THE PROBLEM: Word for word, reproduce all entries below, leaving every picture out.

<<<<

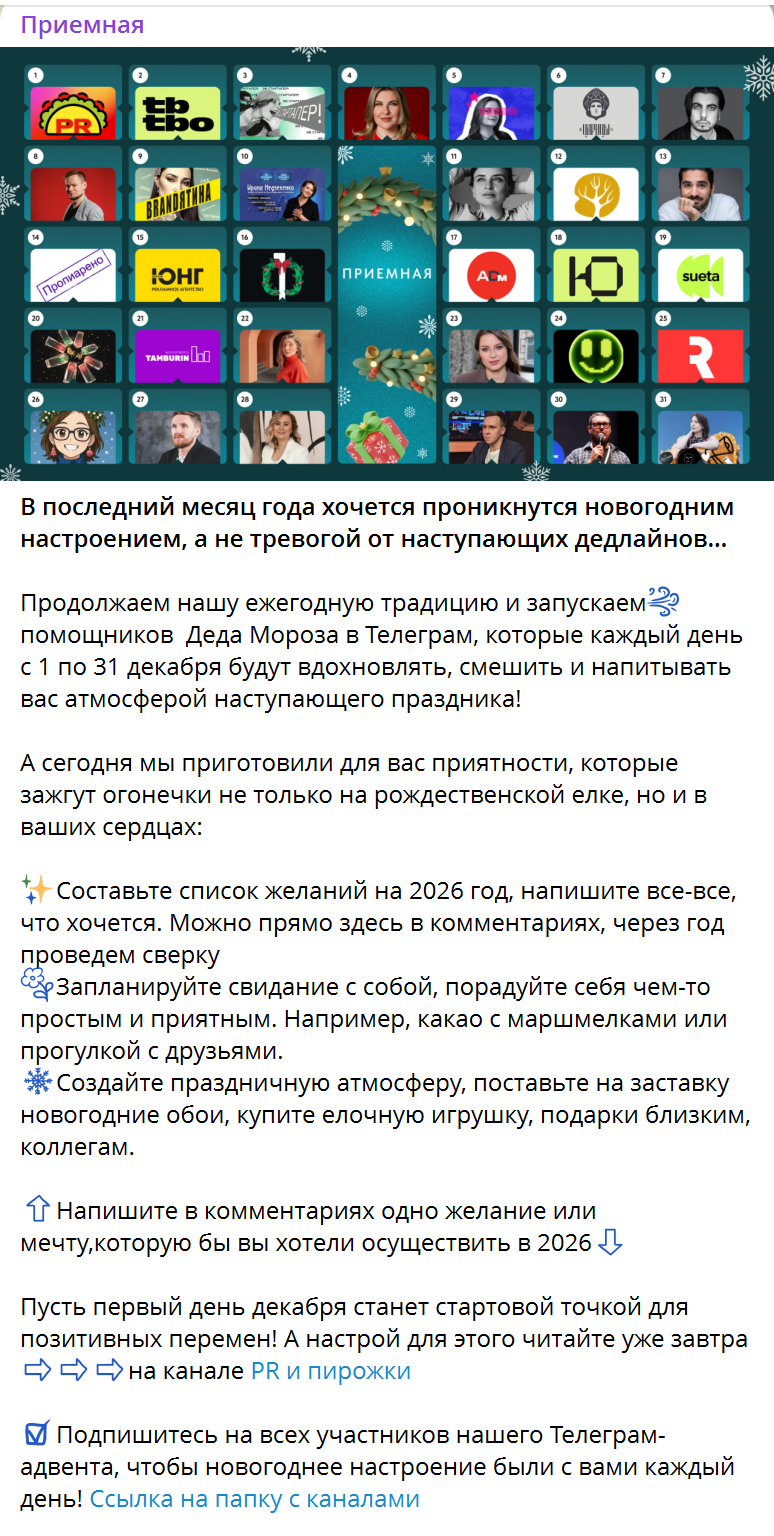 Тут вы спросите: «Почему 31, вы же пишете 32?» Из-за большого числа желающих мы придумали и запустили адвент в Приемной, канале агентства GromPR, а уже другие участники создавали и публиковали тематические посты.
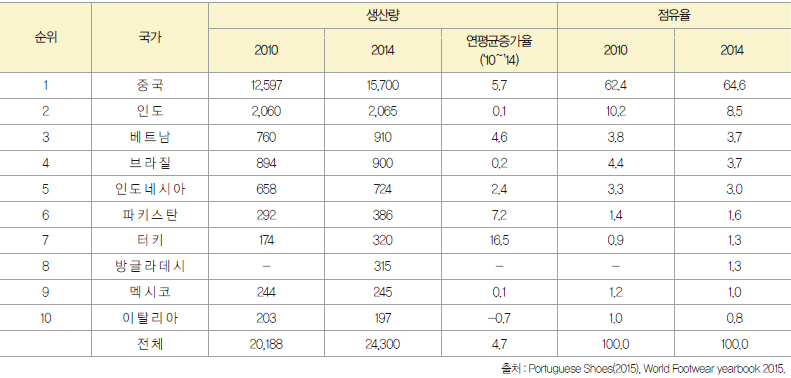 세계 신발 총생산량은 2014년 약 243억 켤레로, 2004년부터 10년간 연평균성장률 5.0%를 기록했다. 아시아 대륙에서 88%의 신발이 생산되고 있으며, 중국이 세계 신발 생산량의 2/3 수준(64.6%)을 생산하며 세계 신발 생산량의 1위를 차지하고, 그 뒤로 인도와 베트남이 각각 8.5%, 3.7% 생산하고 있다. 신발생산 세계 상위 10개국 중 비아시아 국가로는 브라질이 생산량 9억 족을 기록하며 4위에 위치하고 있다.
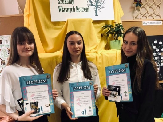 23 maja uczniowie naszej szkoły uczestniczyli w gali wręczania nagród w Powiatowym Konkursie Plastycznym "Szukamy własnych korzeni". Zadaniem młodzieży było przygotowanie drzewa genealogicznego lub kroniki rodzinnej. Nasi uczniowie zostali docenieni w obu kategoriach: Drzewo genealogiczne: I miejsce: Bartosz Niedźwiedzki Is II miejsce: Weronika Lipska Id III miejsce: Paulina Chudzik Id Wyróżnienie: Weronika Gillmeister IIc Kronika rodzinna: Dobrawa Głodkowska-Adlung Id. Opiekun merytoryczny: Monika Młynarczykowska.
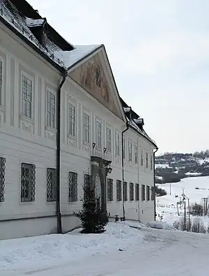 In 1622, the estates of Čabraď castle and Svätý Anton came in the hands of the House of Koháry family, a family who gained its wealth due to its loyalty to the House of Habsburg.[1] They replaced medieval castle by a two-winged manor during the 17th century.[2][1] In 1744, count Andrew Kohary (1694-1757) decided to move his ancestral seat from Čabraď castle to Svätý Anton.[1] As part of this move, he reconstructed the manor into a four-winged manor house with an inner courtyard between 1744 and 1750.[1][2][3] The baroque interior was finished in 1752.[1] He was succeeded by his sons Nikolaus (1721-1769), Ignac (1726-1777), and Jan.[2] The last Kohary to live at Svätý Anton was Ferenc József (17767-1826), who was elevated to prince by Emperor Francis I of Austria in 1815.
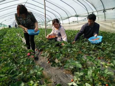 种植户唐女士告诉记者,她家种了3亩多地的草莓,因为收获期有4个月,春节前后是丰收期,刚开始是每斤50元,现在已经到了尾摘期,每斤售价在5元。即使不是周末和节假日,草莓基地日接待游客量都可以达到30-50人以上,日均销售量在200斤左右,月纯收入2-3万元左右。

>>>>

ANSWER BOX:
 Тут вы спросите: «Почему 31, вы же пишете 32?» Из-за большого числа желающих мы придумали и запустили адвент в Приемной, канале агентства GromPR, а уже другие участники создавали и публиковали тематические посты.
 세계 신발 총생산량은 2014년 약 243억 켤레로, 2004년부터 10년간 연평균성장률 5.0%를 기록했다. 아시아 대륙에서 88%의 신발이 생산되고 있으며, 중국이 세계 신발 생산량의 2/3 수준(64.6%)을 생산하며 세계 신발 생산량의 1위를 차지하고, 그 뒤로 인도와 베트남이 각각 8.5%, 3.7% 생산하고 있다. 신발생산 세계 상위 10개국 중 비아시아 국가로는 브라질이 생산량 9억 족을 기록하며 4위에 위치하고 있다.
 23 maja uczniowie naszej szkoły uczestniczyli w gali wręczania nagród w Powiatowym Konkursie Plastycznym "Szukamy własnych korzeni". Zadaniem młodzieży było przygotowanie drzewa genealogicznego lub kroniki rodzinnej. Nasi uczniowie zostali docenieni w obu kategoriach: Drzewo genealogiczne: I miejsce: Bartosz Niedźwiedzki Is II miejsce: Weronika Lipska Id III miejsce: Paulina Chudzik Id Wyróżnienie: Weronika Gillmeister IIc Kronika rodzinna: Dobrawa Głodkowska-Adlung Id. Opiekun merytoryczny: Monika Młynarczykowska.
 In 1622, the estates of Čabraď castle and Svätý Anton came in the hands of the House of Koháry family, a family who gained its wealth due to its loyalty to the House of Habsburg.[1] They replaced medieval castle by a two-winged manor during the 17th century.[2][1] In 1744, count Andrew Kohary (1694-1757) decided to move his ancestral seat from Čabraď castle to Svätý Anton.[1] As part of this move, he reconstructed the manor into a four-winged manor house with an inner courtyard between 1744 and 1750.[1][2][3] The baroque interior was finished in 1752.[1] He was succeeded by his sons Nikolaus (1721-1769), Ignac (1726-1777), and Jan.[2] The last Kohary to live at Svätý Anton was Ferenc József (17767-1826), who was elevated to prince by Emperor Francis I of Austria in 1815.
 种植户唐女士告诉记者,她家种了3亩多地的草莓,因为收获期有4个月,春节前后是丰收期,刚开始是每斤50元,现在已经到了尾摘期,每斤售价在5元。即使不是周末和节假日,草莓基地日接待游客量都可以达到30-50人以上,日均销售量在200斤左右,月纯收入2-3万元左右。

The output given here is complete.